§ YOUR INSTRUCTIONS:
Restate word for word the lines between the start of the material and the line with "Kurutulmuş Çiçekli Epoksi Tepsi", keeping both of those ends and none of the pictures.

-------- GIVEN DATA --------

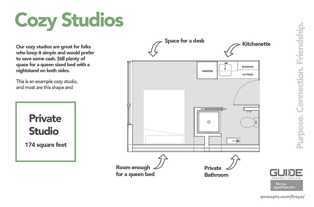 Freya Apartments - Private Studios + Social Connection is in the Loyal Heights neighborhood in Seattle, WA.
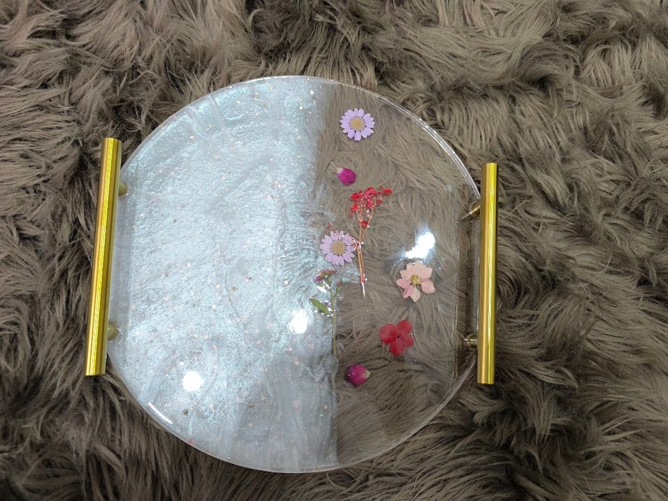 Kurutulmuş Çiçekli Epoksi Tepsi
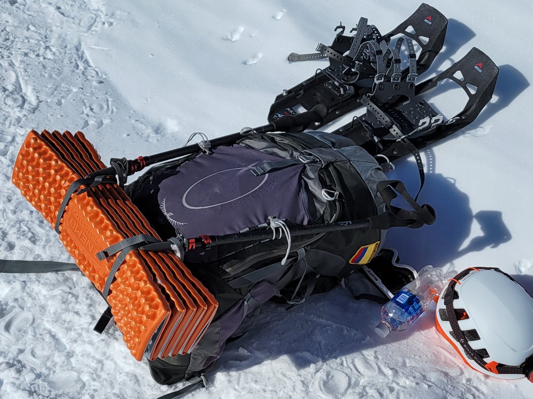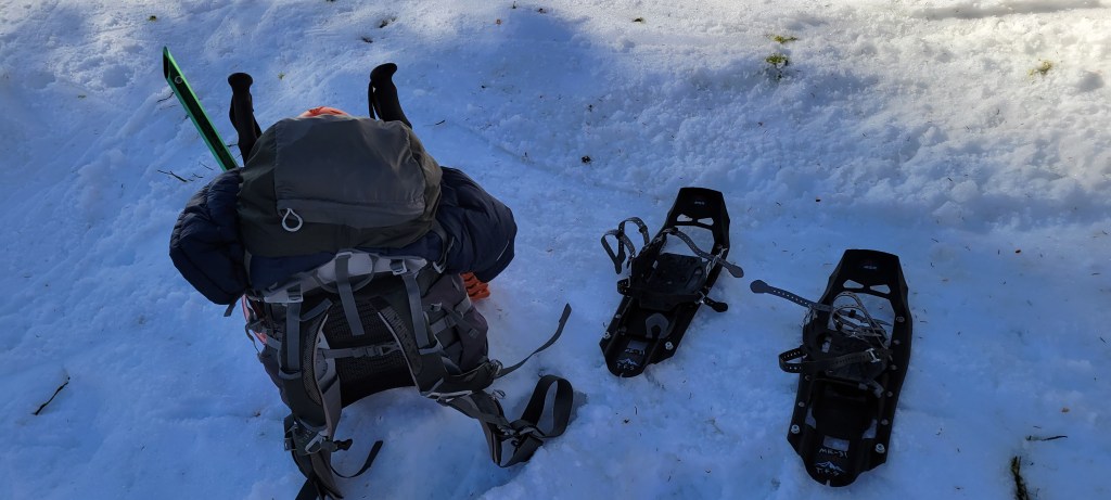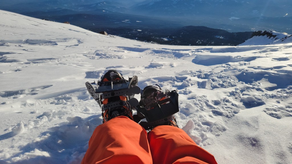 En el regreso me pasó una cosa bacana y extraña. Es costumbre en estas montañas, uno sentarse y bajar deslizado si la ladera tiene inclinación que permita esto, pero también la nieve tiene que estar en un punto clave. Yo me deslicé unas 3 veces, pero después fue más el esfuerzo por empujarme que cualquier ganancia de avance, entonces seguí caminando. Fue en esa última deslizada que vi que había perdido una de las plataformas para caminar en la nieve que había rentado. Di dos pasos para comenzar a subir la ladera que había acabado de bajar, deslizado, cuando pensé que no, que me costaría menos pagar lo que fuera en el sitio donde había rentado esas plataformas, que el esfuerzo que tendría que invertir subiendo esa ladera, sin estar siquiera seguro de que allí mismo encontraría la que se me perdió.
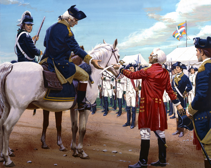 General George Cornwallis surrenders his sword to General George Washington.
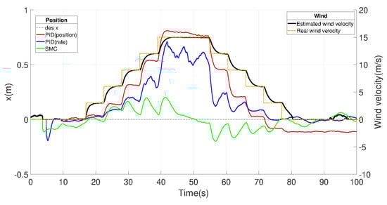 In addition, the wind speed estimated by the disturbance observer is also shown, which matches well with the actual wind-speed magnitude. Due to the symmetry of the UAV, the response on the Y-axis is similar to the response on the X-axis, and the Y-plot is omitted here for clarity. It can be observed from Figure 21 that UAV motion with the SMC controller is concentrated more around the origin than with other controllers; hence, SMC has the best crosswind resistance in terms of position accuracy. This is due to its active disturbance compensation.
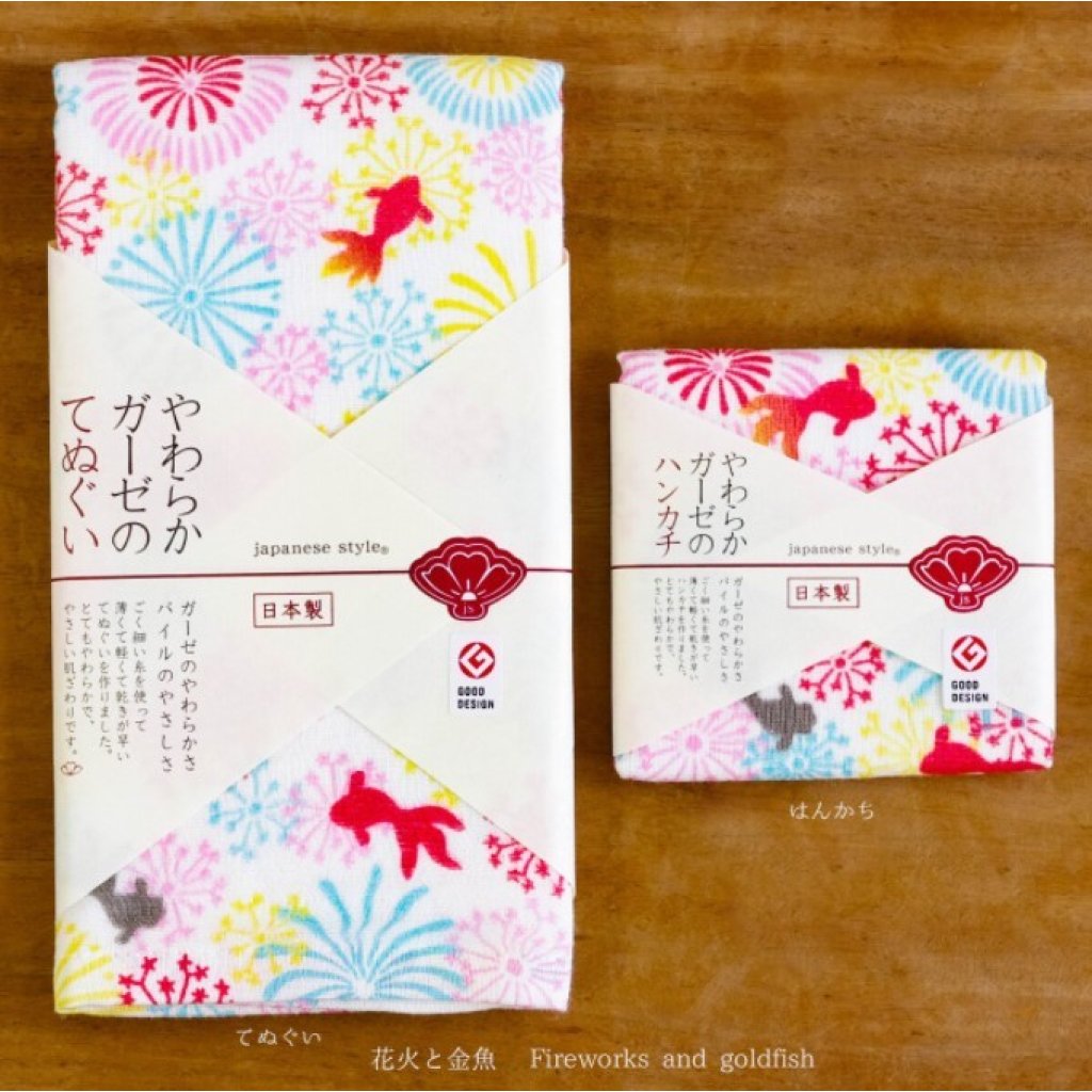 日式傳統紗巾 (花火金魚) 30x30 (日本製)
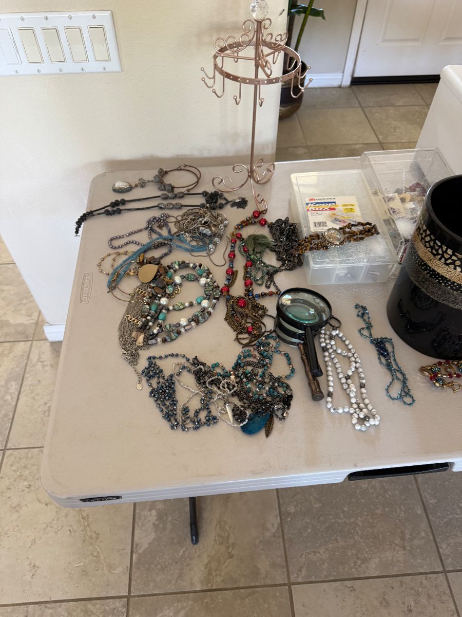 Jewelry, Silverware, golf clubs, crystal (Waterford)and more, China, collectibles , Asian art, full kitchen, pots and pans, lots of bar items, women’s clothing and shoes lots of women’s belts, furs, suitcases, fake plants, lots of pet supplies, doggy stroller, dog and cat crates, nic-nacks too much to list!!!!!!!!!!!
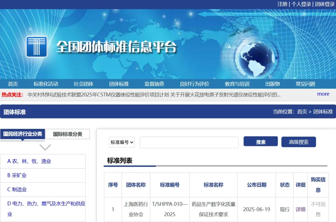 6月16日,上海医药行业协会正式发布了修订后的《药品生产数字化质量保证技术要求》团体标准,新标准编号为T/SHPPA 010-2025,将取代此前的T/SHPPA 010-2021版本。
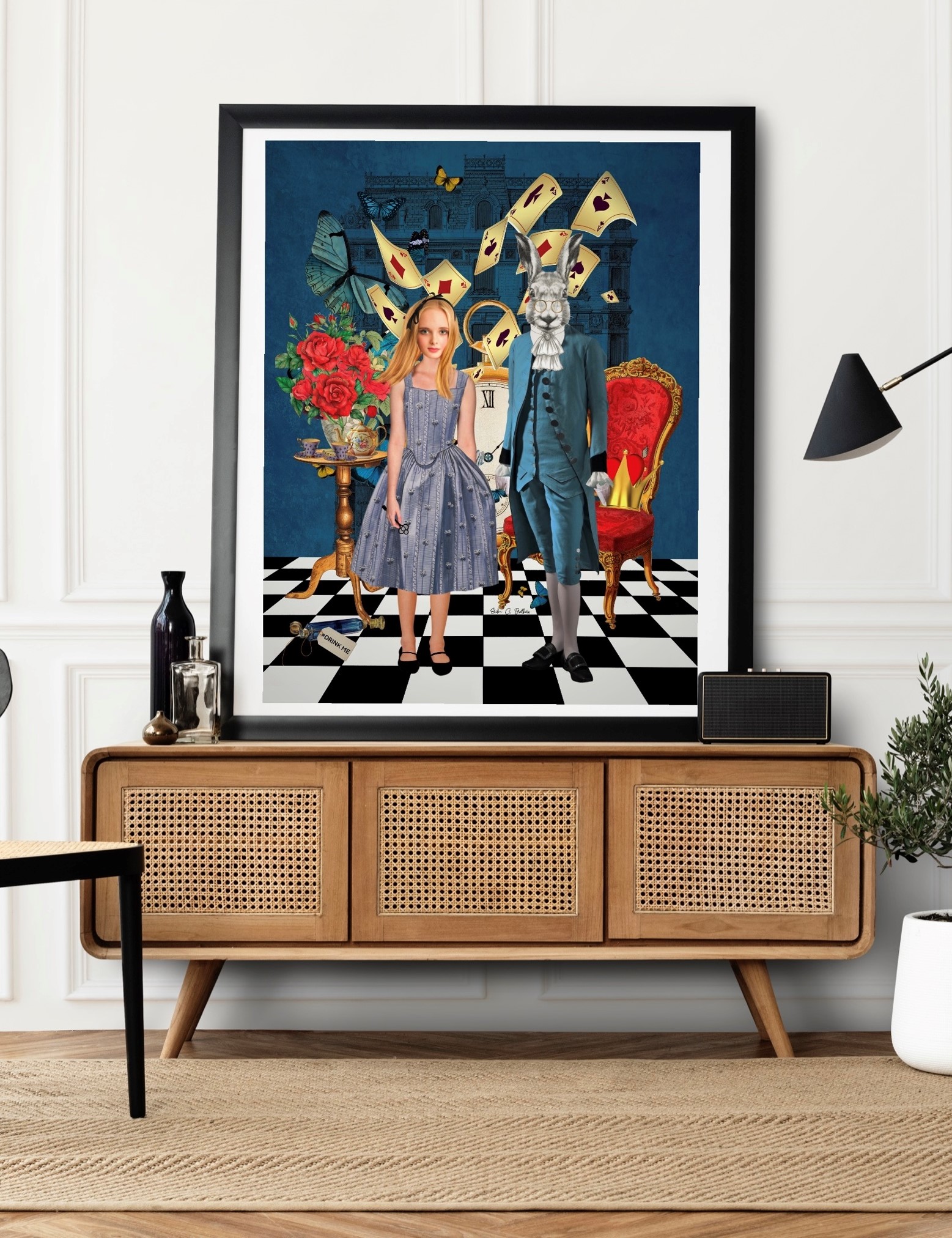 Next to her stands a figure with the body of a man and the head of a rabbit. This anthropomorphic character is dressed in a formal, Victorian-style suit, complete with a cravat and a long coat. The rabbit’s head is meticulously detailed, with large ears and expressive eyes that seem to watch over the scene with a mix of wisdom and curiosity. This blend of human and animal characteristics creates an intriguing and surreal effect, drawing the viewer into a world where reality and fantasy intertwine.

--------

§ SOLUTION TO THE PROBLEM:
 Freya Apartments - Private Studios + Social Connection is in the Loyal Heights neighborhood in Seattle, WA.
 Kurutulmuş Çiçekli Epoksi Tepsi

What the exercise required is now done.